FREE WHITEWATER

Daily Bread for 8.22.16

Good morning, Whitewater.

Monday in town will be sunny with a high of seventy-eight. Sunrise is 6:10 AM and sunset 7:44 PM, for 13h 34m 11s of daytime. The moon is a waning gibbous with 79.3% of its visible disk illuminated.

The Urban Forestry Commission meets today at 4:30 PM. Whitewater’s School Board meets tonight in regular session at 7 PM.

On this day in 1851, the America wins the first of a series that was to become the America’s Cup:

America was a 19th-century racing yacht and first winner of the America’s Cup international sailing trophy. The Royal Yacht Squadron‘s “One Hundred Sovereign Cup” or “£100 Cup,” mistakenly known in America as the “One Hundred Guinea Cup,”[3] the trophy was later renamed after the original winning yacht. On August 22, 1851,America won the Royal Yacht Squadron’s 53-mile (85 km) regatta around the Isle of Wight by eighteen minutes.[4]

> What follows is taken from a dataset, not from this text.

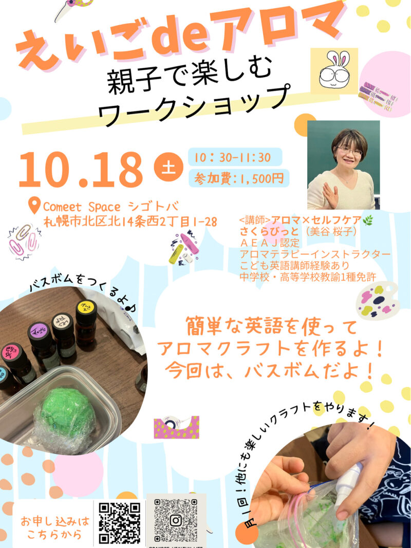親子で楽しめる、簡単な英語でアロマクラフトを作る、お子さま向け講座です。アロマテラピーインストラクターの資格を持った、現役英語講師が、やさしく楽しく指導します。お子さまにとっては、聴覚(英語)、嗅覚(アロマ)、触覚(クラフト)をフル稼働して、楽しく学べる講座となっております。今回のクラフトは『バスボム』。作るところから、お風呂でシュワシュワするところまで、ご家族とのコミュニケーションツールにしていただければ、幸いです。

….The race was held on August 22, 1851, with a 10:00 AM start for a line of seven schooners and another line of eight cutters. America had a slow start due to a fouled anchor and was well behind when she finally got under way. Within half an hour however, she was in 5th place and gaining.[8]

The eastern shoals of the Isle of Wight are called the Nab Rocks. Traditionally, races would sail around the east (seaward) side of the lightship that marked the edge of the shoal, but one could sail between the lightship and the mainland if they had a knowledgeable pilot. America had such a pilot and he took her down the west (landward) side of the lightship. After the race a contestant protested this action, but was overruled because the official race rules did not specify on which side of the lightship a boat had to pass.[8]

The result of this tactic put America in the lead. She held this lead throughout the rest of the race. At one point the jib boom broke due to a crew error, but it was replaced in fifteen minutes. On the final leg of the race the yacht Aurora closed but was 18 minutes behind when America finished shortly after 6:00 PM. Legend has it that while watching the race, Queen Victoria asked who was second, and received the famous reply: “There is no second, your Majesty.”[8]

On this day in 1861, a future governor leaves for war:

1861 – (Civil War) Future Gov. Lucius Fairchild departs for the front

The Daily Milwaukee Press reported on this day that Company K of the 1st Wisconsin Infantry presented their Captain, Lucius Fairchild, with a ceremonial sword and sash at Camp Scott in Milwaukee. Fairchild was to leave that same afternoon for Washington, D.C., and begin his new appointment as lieutenant colonel of the 2nd Wisconsin Infantry.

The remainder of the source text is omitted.